Немногие в этой партии глубоки, но даже и те немногие извлекают из глубин Никии только теневую сторону: языческие черты и женское первоначало. Балерины, увлекаясь природностью и сексусальностью образа, забывают о высоком предназначении жрицы. В Никии Марии Ильюшкиной все наоборот: культ бога Камы подавлен служением собственной вере. Однако ее образ — не ходульное олицетворение девственной белизны. В нем сохраняется «метафорическая основа: два цвета, которые окрашивают балет и создают постоянные полюса притяжений, — красный и белый, цвет пламени и огня, цвет тюников и вуалей» [2] В восточной героине Марии существует это единство противоположностей — такой же восточный Инь и Янь. Ее Никия, скорее, белый Янь: только не с черным, а с красным вкраплением в сердцевине. Это же неравное сочетание двух стихий представляет собой и портрет героини с ярким рубином-бинди, оттененным аристократической бледностью.

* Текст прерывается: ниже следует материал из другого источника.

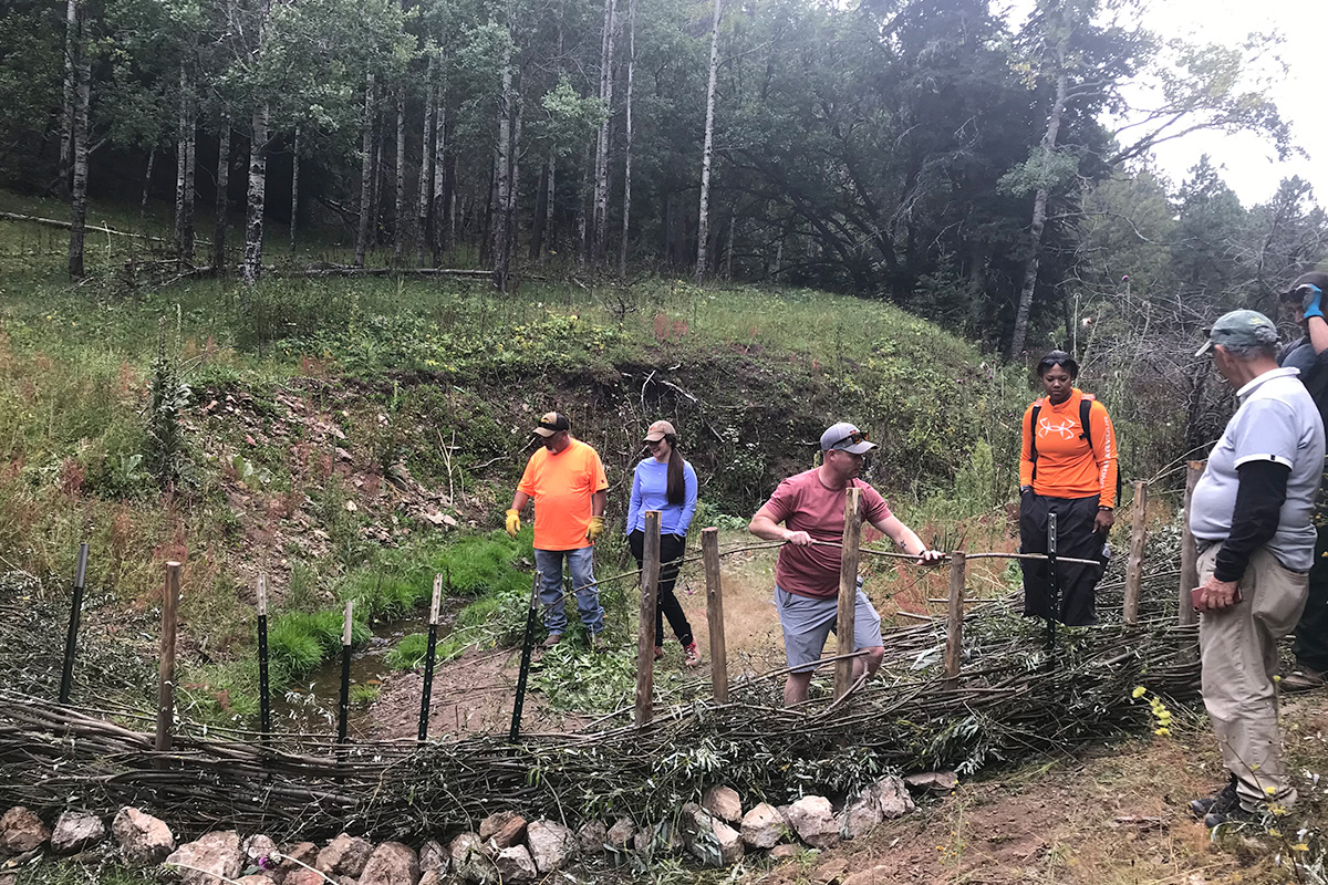 In the fall of 2021, some 275 miles to the east in southcentral New Mexico, RMEF volunteers wholeheartedly tackled a completely different type of task. They gathered in the Lincoln National Forest to build and install four beaver dam analogs. What are those, you ask? They are man-made devices meant to mimic the structure of a beaver dam.

Для правдоподобного воплощения роли Мария глубоко работает над оправданием своей героини — над смешиванием или попеременным выделением красного и белого. Зритель верит и выносит вердикт — невиновна. Даже в конфликте с Гамзатти Никии Ильюшкиной нельзя вменить в вину покушение на принцессу. Оно — следствие помутнения рассудка, вовсе не хладнокровного намерения. То же и в вариации с корзинкой. Быстрая часть этой вариации страшна самой непредсказуемостью перехода к языческому — неоправданный переход насилен для лиричности Марии. «Этого следовало ожидать» — можно заключить про зарвавшихся Никий в исполнении балерин драматического амплуа — черты-предтечи экстаза вырываются из них с самого начала. И они вписываются — вгрызаются — в логику образа. В пластическом решении Марии — лирико-романтическом — таких разбивок не было и не могло быть. Оттого канканирующие grand emboite и донельзя раскрытые jete (так и хочется добавить балетный жаргонизм «раздирка») в ее «устах» обретают особый налет непристойности. Резкий контраст-опрокидывание в ее случае уместнее последовательного движения в жизни образа.
В индийской героине — так же контрастно — проступают задушевные и душевнобольные русские черты. Толстовская Катюша Маслова исступленно выходит на сцену «Танца со змеей» — «та самая Катюша, которая в светло Христово Воскресение так невинно снизу вверх смотрела на него». Вторая половина танца — половина-оборотень: в ней эстетически-трагичное сменяется трагично-некрасивым — неестественной, неоправданной и неадекватной улыбкой. И светлый страдающий дух Катюши — у Марии почти фокинско-лебединый, местами розово-роланпетийный и даже голейзовско-русский — сменяется духом-оборотнем — душком осужденной мещанки Масловой. Изящность танца отравляется хаотическими возгласами, пылающими особо ярко в контрасте с холодным образом Никии-Ильюшкиной. Для подчеркивания блеска красного камня Мария не преминет (метафорически) сбросить белую вуаль — она не избегает неприглядностей роли. Хотя, стоит признать, даже ее traviare происходит с присущей танцовщице эмоциональной аккуратностью — иногда излишней. Она остаётся «носительницей идеала, иногда поруганного, но всегда остающегося идеалом» [3]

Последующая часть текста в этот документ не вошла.